With the help of predictive maintenance, engineers can replace components, adjust load, change operating conditions, and implement advanced cooling mechanisms to eliminate chances of failure and downtime.

Cost-cutting

Predictive maintenance optimizes the frequency of scheduled maintenance. Unnecessary maintenance procedures at regular predetermined intervals are no longer necessary. High-maintenance tasks are prioritized instead.

AI techniques to implement predictive maintenance in power electronics

In traditional processes, maintenance used to be performed on systems based on ratings, past sets of data, and manual needs.
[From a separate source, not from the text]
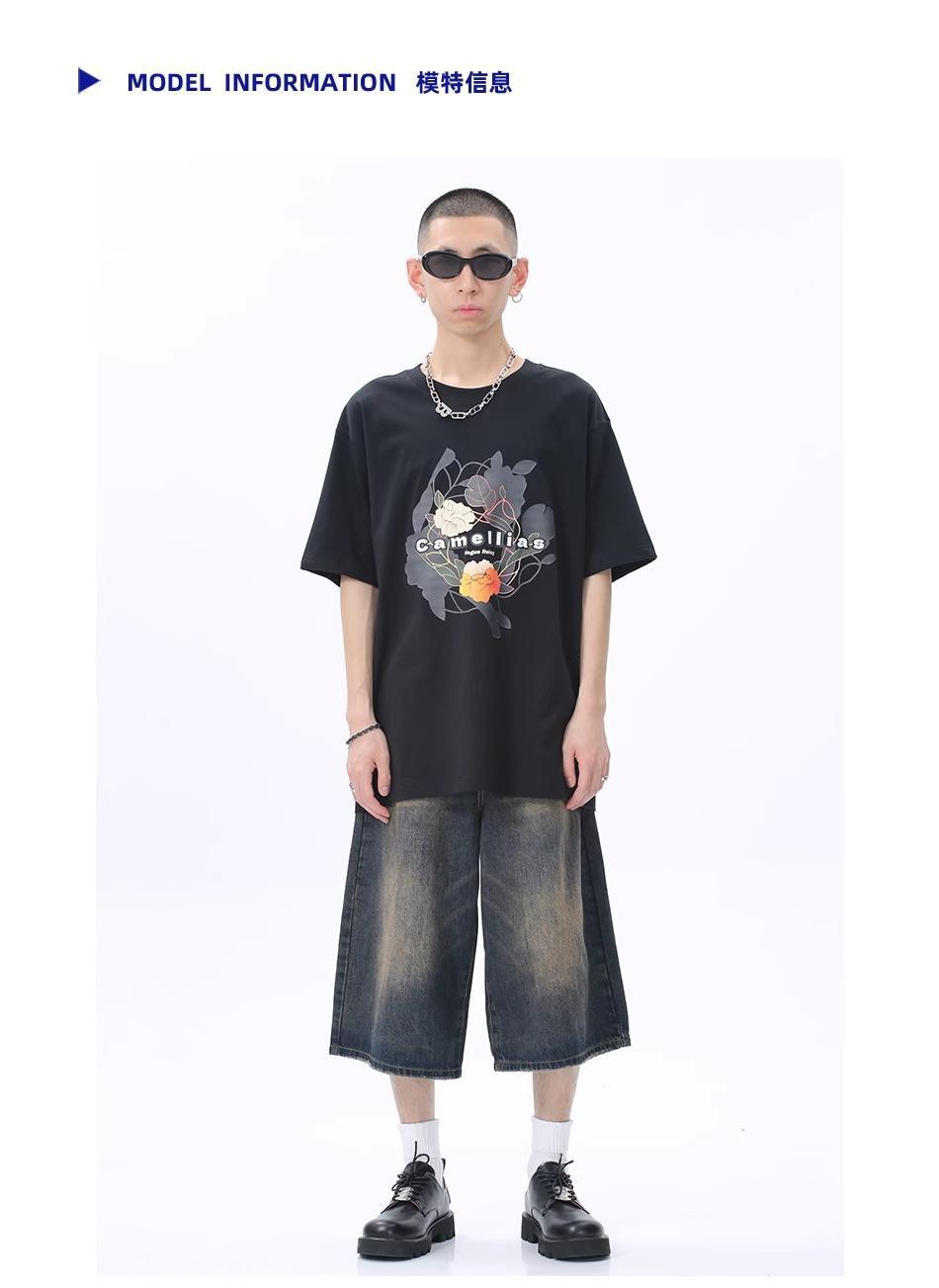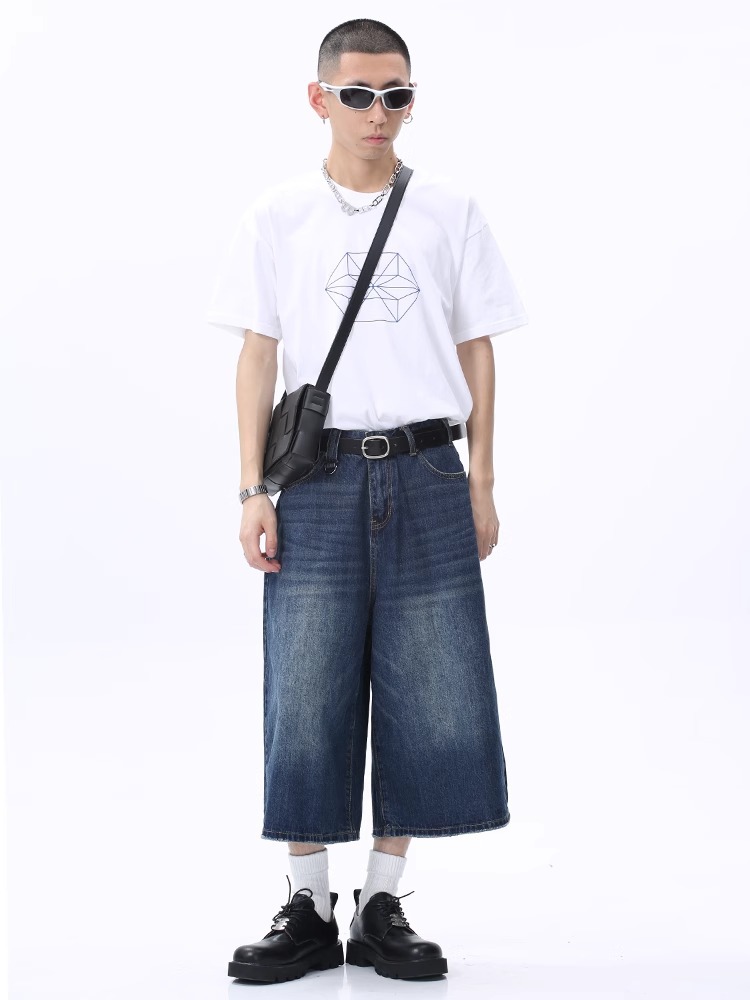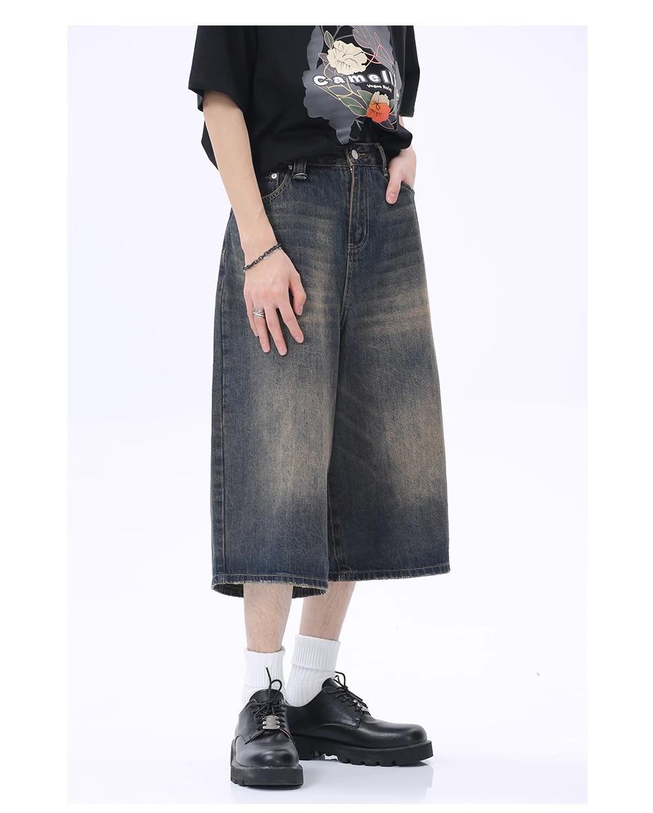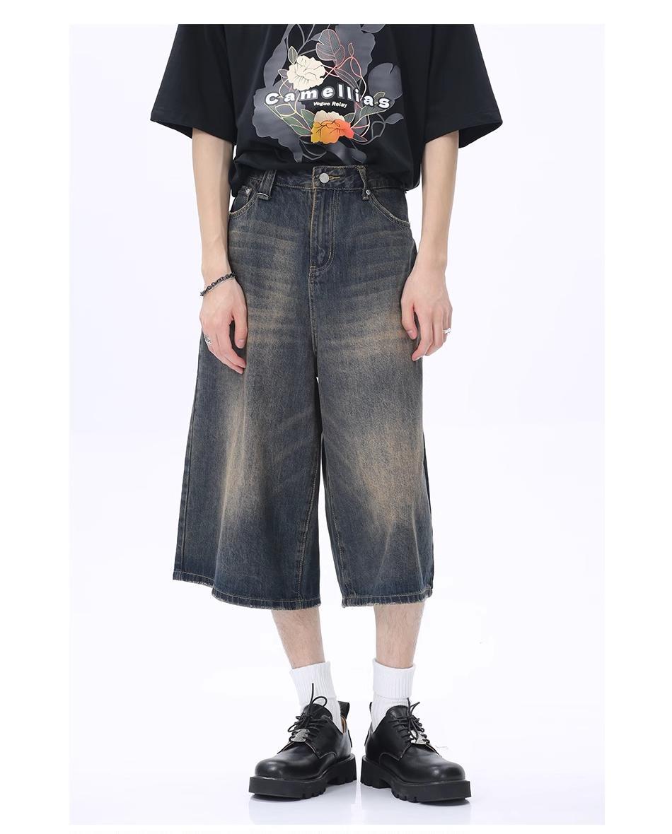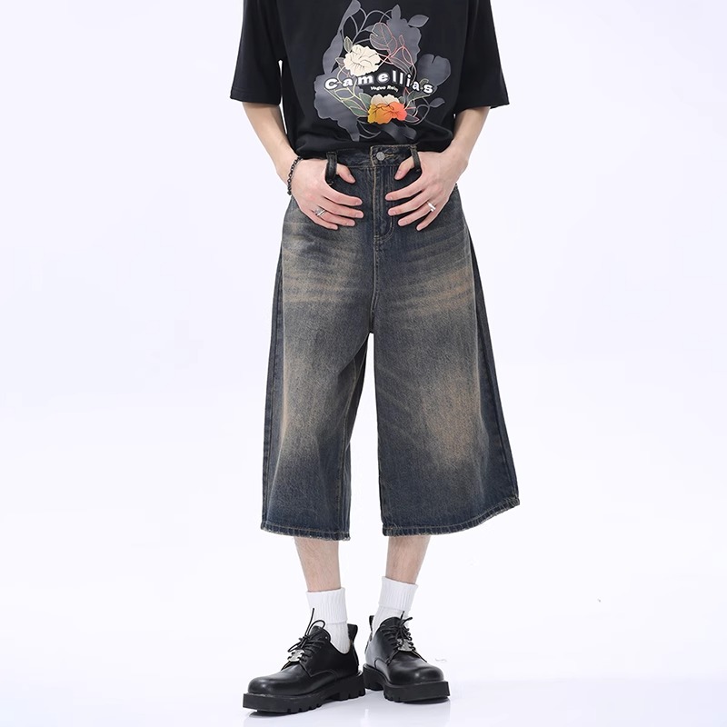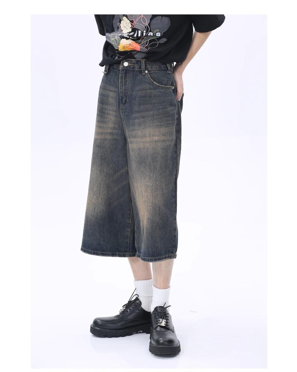 워싱 레트로 데님 반바지 남성 여름 얇은 루즈 스트레이트 아메리칸 하이 스트리트 팬츠 트렌디 브랜드 핸섬 크롭 팬츠

The section lists a few popular AI and ML techniques used in predictive maintenance for power electronics.

Digital twin

DT is a virtual version of a real-time physical object or intended device, place, system, process, or person. The entire predictive maintenance set-up can be done on software using the simulation of power devices and virtual sensors for various scenarios.
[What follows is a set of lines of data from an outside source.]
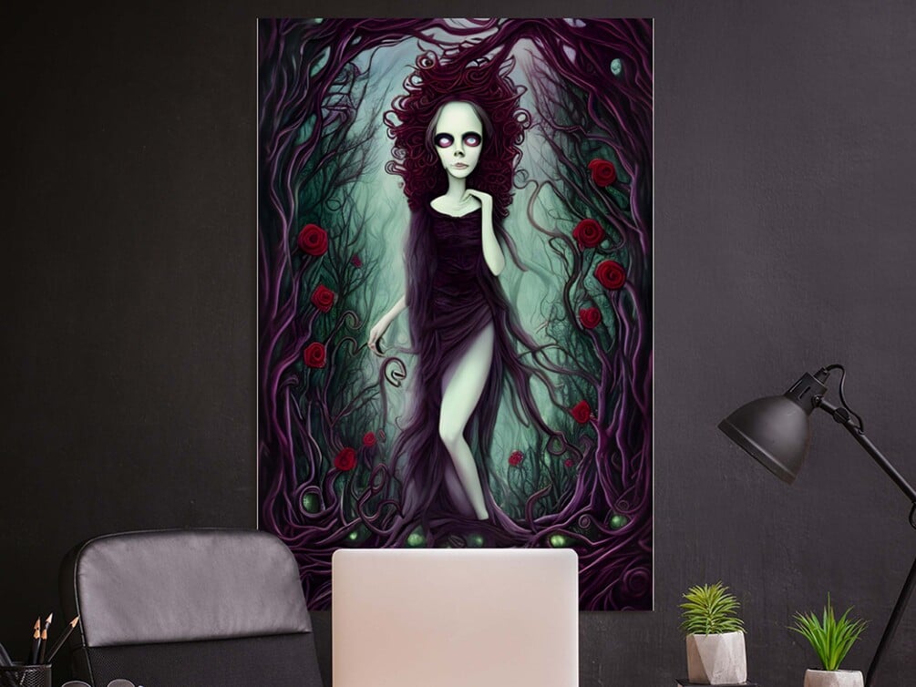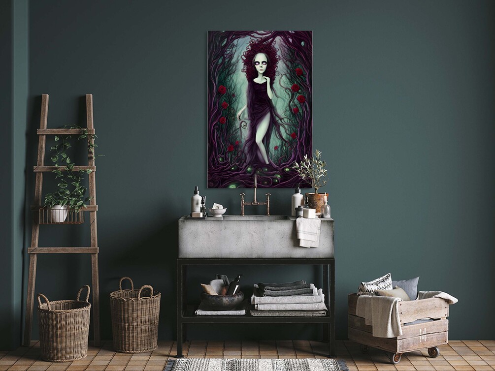 The Dark Old Witch - Unusual Vintage Photo of Gothic Floral Witch Face Wall Art - Halloween Art - Creepy Wall Art
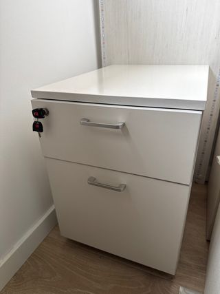 Cajonera de oficina en color blanco, ideal para organizar documentos. - Dos cajones con tiradores metálicos. - Cerradura con dos llaves incluidas.
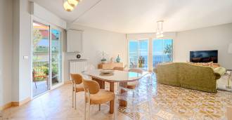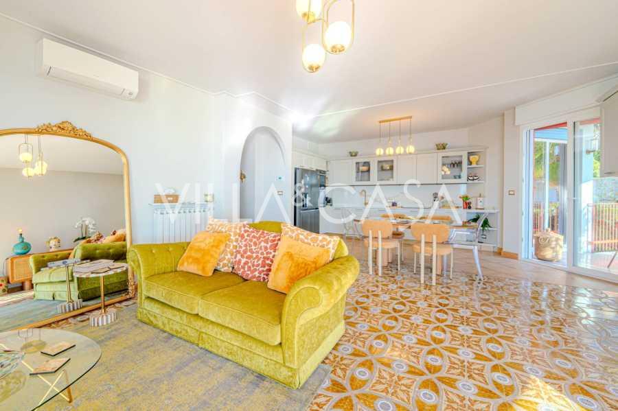 L'arredamento interno dell'appartamento combina comfort moderno con un'atmosfera di elegante accoglienza. Un ampio ingresso conduce a un magnifico soggiorno con cucina a vista, da cui si apre una vista mozzafiato sul mare. Dal soggiorno si accede a due balconi, dove è possibile godere della brezza marina e della vista sulla costa ligure.

Real-time power electronic hardware can also be used with DT software to perform predictive maintenance. Such cases are examples of hardware-in-the-loop simulation, where real hardware is tested for virtual scenarios. When DT software receives data about power electronic devices from sensors, it estimates maintenance cycles through advanced AI or ML algorithms.

Anomaly detection

When the behavior of a device or a system deviates from traditional behavior, anomalies occur. Anomaly detection is an approach that relies on such principles. Statistical methods, neural networks, and clustering algorithms are key anomaly detection techniques. There are two modes of operation: normal mode and abnormal mode.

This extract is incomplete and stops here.